Il y a certaines initiatives qui ne visent pas à introduire un changement. Il y a des initiatives référendaires. C'est-à-dire, que les initiateurs savent qu'un changement se profil alors ils lancent une initiative pour bloquer la réforme prévue. Par exemple: initiative Poste pour tous. Qui visait à s'opposer à la libéralisation, privatisation de la poste (inscrire dans la constitution, l'interdiction de la libéralisation de la Poste).

Ce tableau nous donne une image détaillée, du nombre de votations populaires qui ont eu lieu en Suisse depuis la création de l'Etat fédéral et jusqu'en 2012. Entre 1848 et 2012, il ya eu 581 votations populaires au niveau fédéral. 230 au titre du référendum obligatoire, 169 au titre du référendum facultatif, 182 au titre de l'initiative populaire.

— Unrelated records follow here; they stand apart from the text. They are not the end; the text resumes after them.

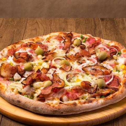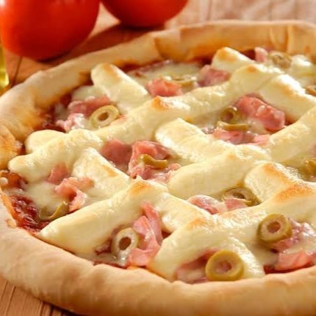 Presunto cozido com ovos cebola mussarela e oregano com azeitonas selecionadas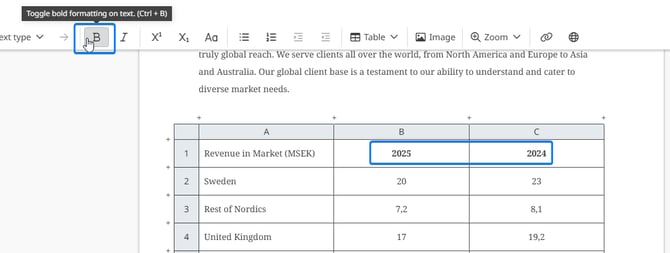 At the top of the page, you'll find a toolbar where you can adjust text formatting, add subscript or superscript, and create lists and tables.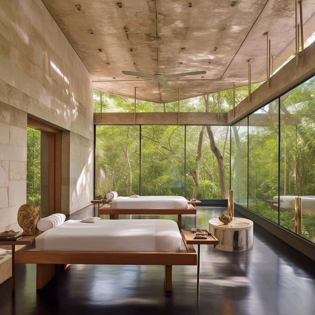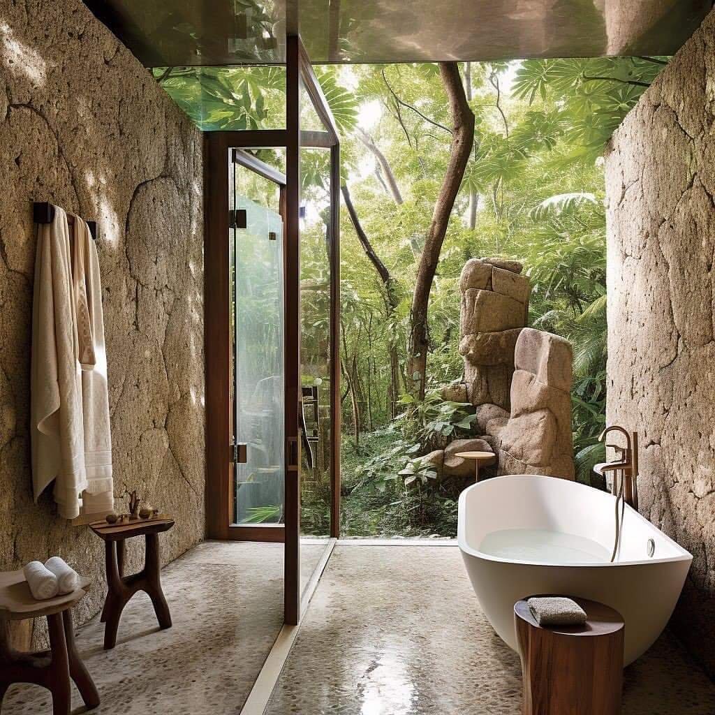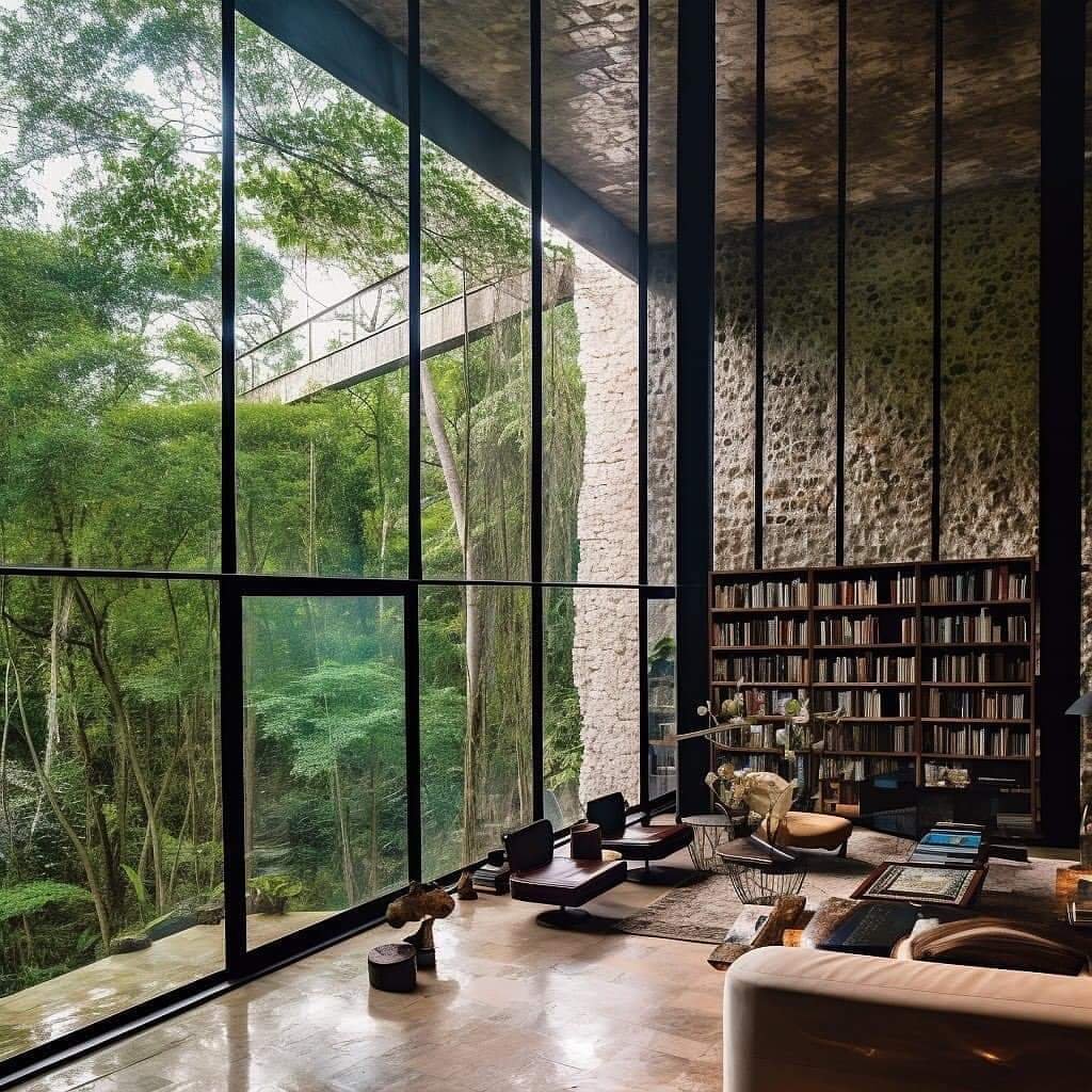 To ensure privacy, the glass walls could be tinted or treated with a one-way film that allows occupants to see out, but prevents outsiders from looking in. Additionally, strategic landscaping and the use of curtains or blinds could help to create privacy in certain areas of the house.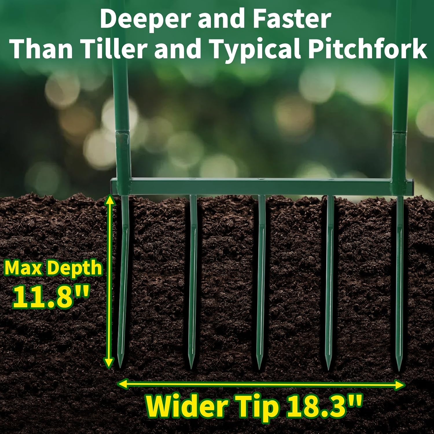 • 【Efficient Soil Aeration】 The broadfork goes deeper than the tiller and does not create compacted soil at the bottom of the tilled area. It's perfect for loosening and aerating compacted soil, improving drainage and preparing garden beds for planting.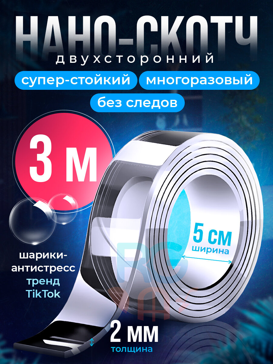 Нано скотч двухсторонний. Нано лента прозрачная 3м * 3 см, комплект 2 шт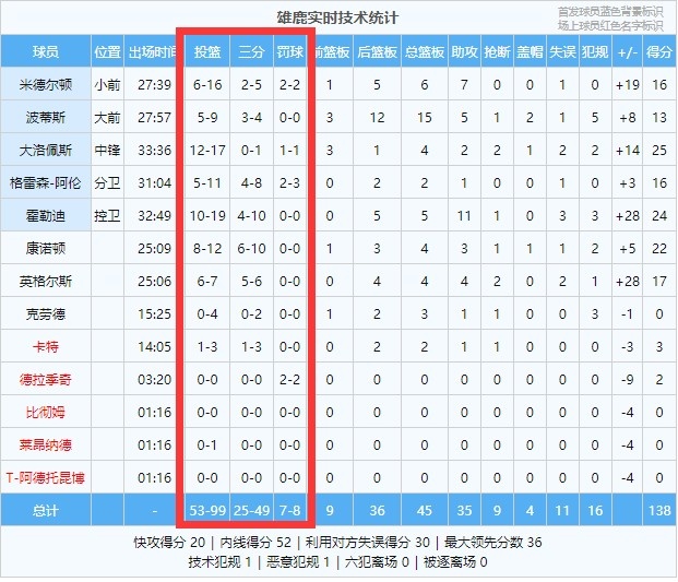 In this game, the Stag shot a very high hit rate, with a hit rate of 53.5 percent among the 99 shots and 53 percent of the 99 shots. Among them, the hit rate was as high as 51 percent among the 49 shots and 25 shots of the 3-pointer.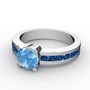 Akuamarin ve lab safir 14 ayar beyaz altın yüzük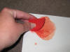 ● Begin by putting a small amount of paint on the end of the brush handle.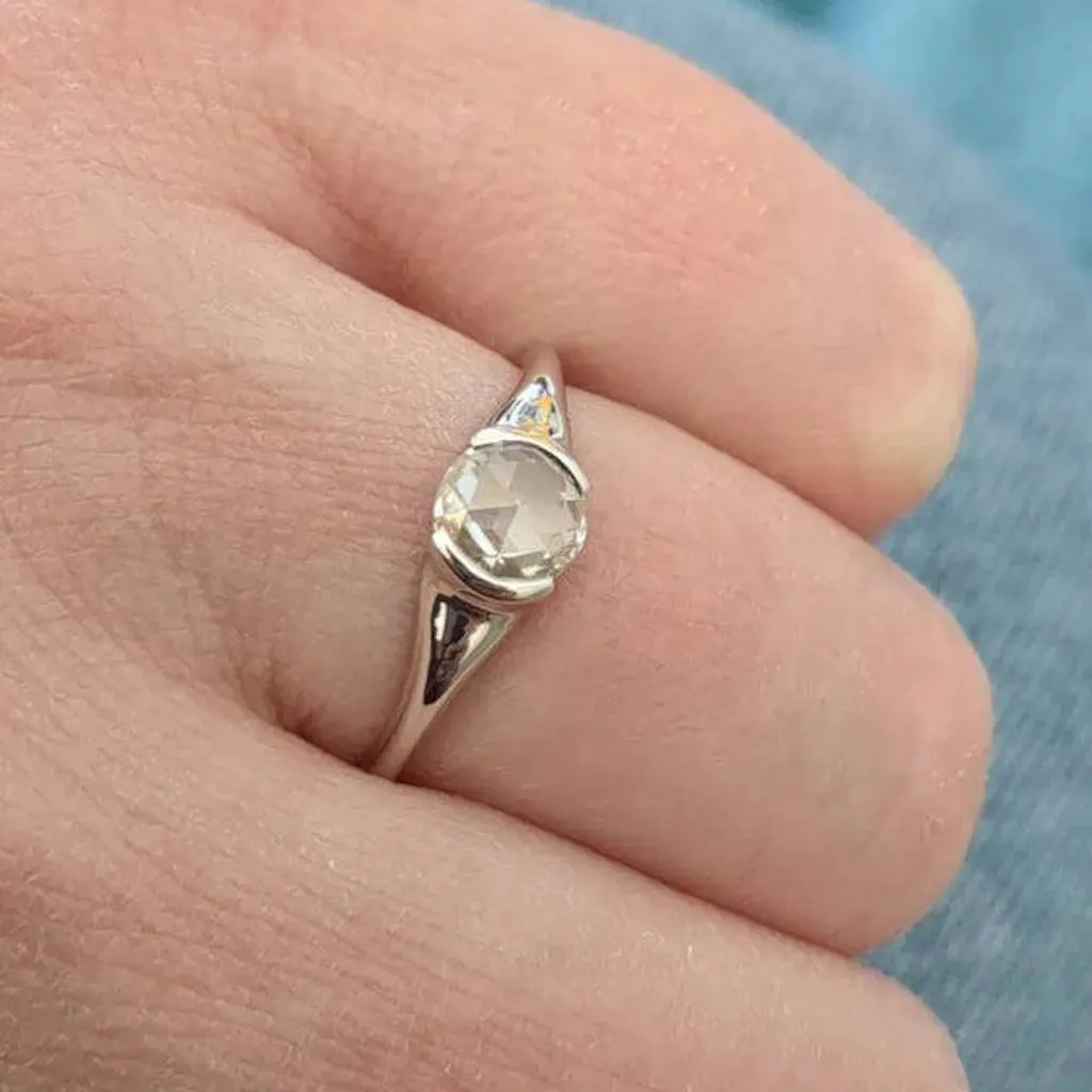Rose Cut Diamond Ring featuring a round rose cut diamond.

Ce que ce tableau nous montre, c'est qu'il y a eu une forte augmentation des les années 70, de votations populaires.

L'augmentation ne s'est pas faite de manière linéaire, mais il ya eu dans la décennie des années 70, une espèce de saut. Comment expliquer cette augmentation abrupte à partir années 1970? Nouveaux enjeux, une augmentation du conflit en Suisse lié aux enjeux redistribuai (année 1970 = première crise de pétrole). Il n'y a pas vraiment de réponse unique. Cette augmentation est observée pour chacune des institutions (pour les 3).

Donc, le référendum facultatif et l'initiative ne sont pas uniquement les seuls acteurs de la surcharge du travail parlementaire. Ce n'est pas donc uniquement l'augmentation de demande du bas vers le haut, mais aussi l'augmentation de propositions de la classe politique elle même.